The money had done a lot for her. Not only did it allow her to dress as elegantly as she deserved to, it had also gone a long way to removing the one stigma that her looks and charm could never overcome: her part-Indian blood. Not that her being an Anglo-Indian had ever been an issue for me.
I directed her to the sofa.
‘Surrender-not was saying, just the other day, that we don’t see enough of you,’ I lied. It wasn’t the first time I’d put him on the spot, but I considered it an essential part of his training. A good detective needs to be able to think on his feet, after all.
‘Talk of the devil,’ I said as he entered the room.
‘Oh yes, Miss Grant. A-absolutely . . . Just the other day,’ he stammered from his position near the door.
‘Can I offer you a drink?’ I asked. ‘There’s not much of a selection, I’m afraid. We’ve whisky, and there’s some gin somewhere. Neither Surrender-not nor I much care for it, but we always seem to get through it at a fair rate of knots. It’s odd as we don’t get many lady callers – not unless you count the housekeeper, of course, and she swears she never touches the stuff. I suspect she’s more of a champagne drinker. As, I suppose, are you these days,’ I said, gesturing to the diamond-studded choker round her neck.
‘Whisky’s fine,’ she said, turning to Sandesh, ‘ek chota peg.
‘One for me too, Sandesh,’ I added, ‘but make mine a burra. Anything for you, Surrender-not?’
‘I better not,’ he replied, still hovering near the door.
Sandesh nodded and made for the drinks cabinet.
A quiet night in for you both?’ asked Annie, fanning herself gently with a newspaper she’d picked up from the coffee table.
‘Absolutely, Miss Grant,’ I said. ‘Surrender-not’s mother wanted him to meet some girl tonight, but the boy’s not particularly keen on settling down just yet. He’s told her he can’t make it because I’ve got him working night and day on a case.’

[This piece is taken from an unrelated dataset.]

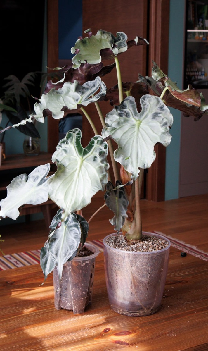 Отец и сын. Или мать и дочь, я запуталась 😅 Все-таки это самая красивая алоказия на свете. Хочется растить ее дублями и ставить на каждую полку Это алоказия вернула мне любовь к этим растениям, поэтому ко мне едут аж 3 вариегатные алоказии, посмотрим-с. Как думаете, какие? 😁 #alocasia_venomN16
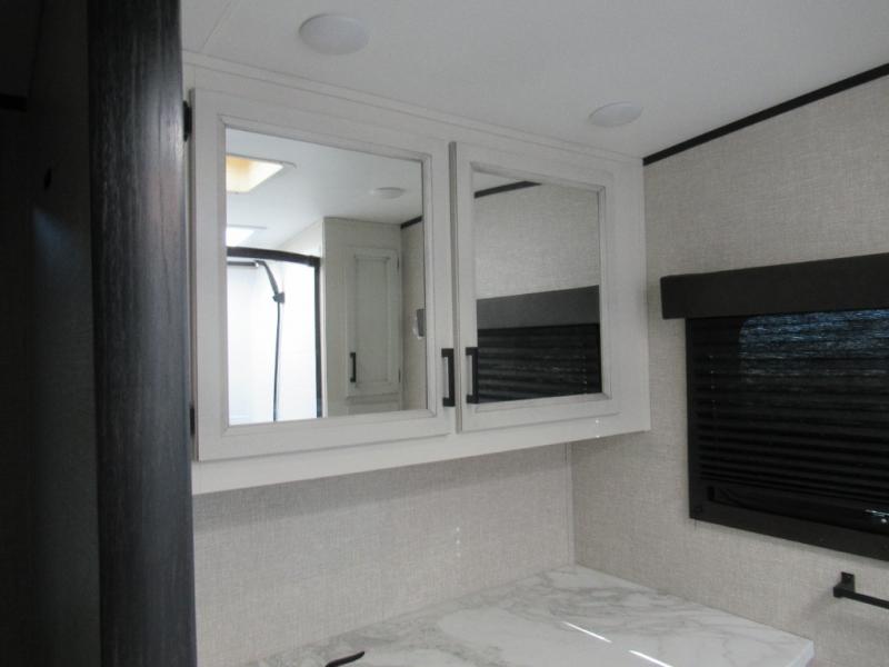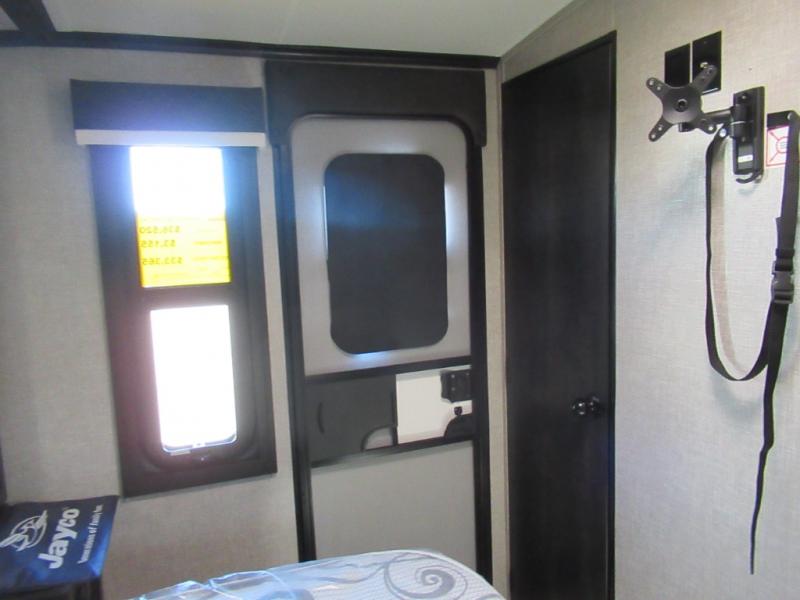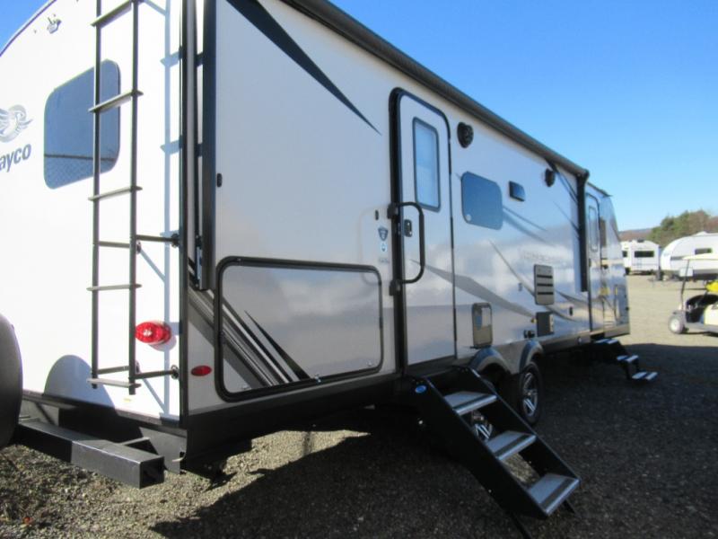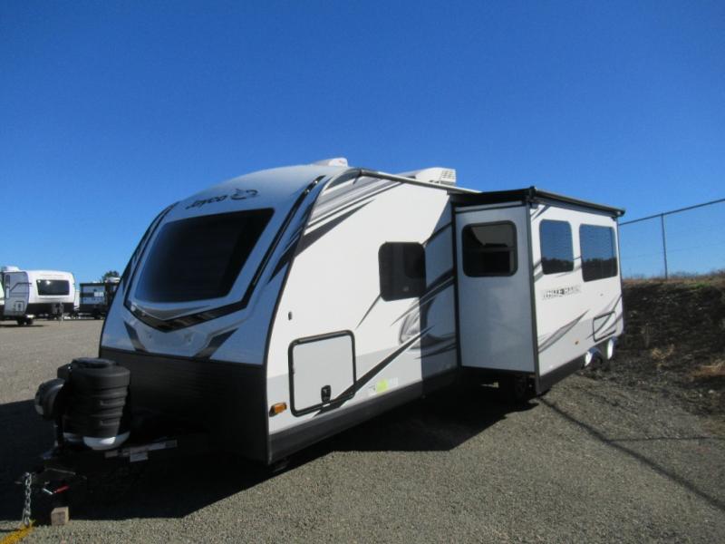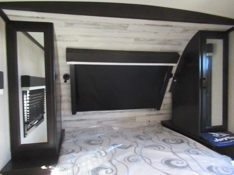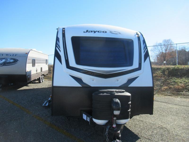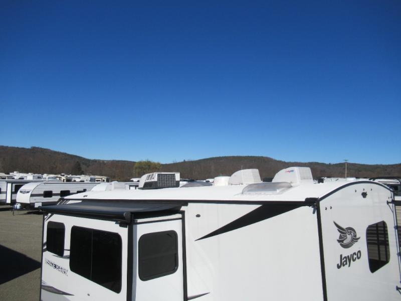 The lightweight White Hawk travel trailers by Jayco will blow you away with their roomy interiors, luxurious amenities, and durable construction. The Magnum Truss Roof System can withstand 50% more weight than the competition, and the Stronghold VBL lamination is the lightest, yet strongest in the industry. Each model includes the JAYCOMMAND "Smart RV" system with a tire pressure monitor system, plus American-made Goodyear tires for maximum durability and carrying capacity. You will love the sleek look of the front molded fiberglass cap with an automotive windshield and blue LED accent lighting, along with the frameless windows and automotive-style aluminum rims. The White Hawk travel trailers also include an arched interior ceiling, a kitchen skylight with a shade, residential vinyl flooring with cold crack resistance, and an electric fireplace.

Surrender-not smiled weakly.
‘As a result we’re keeping a low profile.’
‘And what do you think his mother makes of you calling her son Surrender-not?’ she replied. ‘For pity’s sake, Sam. You could at least try to pronounce it properly.’
Surrender-not and I shared a look.
‘Well, if he doesn’t like it, I suppose I could always call him Bunty.’
‘What?’ said Annie, perplexed.
The sergeant’s face reddened. ‘Surrender-not is fine,’ he said hastily.
Sandesh brought over the drinks, then retreated quietly from the room, pressing the switch on the wall activating the ceiling fan as he went.
‘Anyway, Miss Grant,’ I said, ‘as you can see, Bunty and I are both very busy. Is there something we can do for you, or have you just popped round to enjoy the sparkling conversation?’
She took another sip of her whisky, a substantially larger one this time. ‘Actually, I came round to ask you to stop interfering in my affairs.’
I feigned a look of innocence that could have graced the face of St Francis of Assisi. ‘I’m afraid you’ll have to explain, Miss Grant, as I’ve no idea what you’re talking about.’
She didn’t look wholly convinced. ‘So you haven’t been talking to Mr Peal about me?’
‘Who?’
‘Charles Peal – the solicitor.’
‘The name doesn’t ring any bells.’ I shrugged.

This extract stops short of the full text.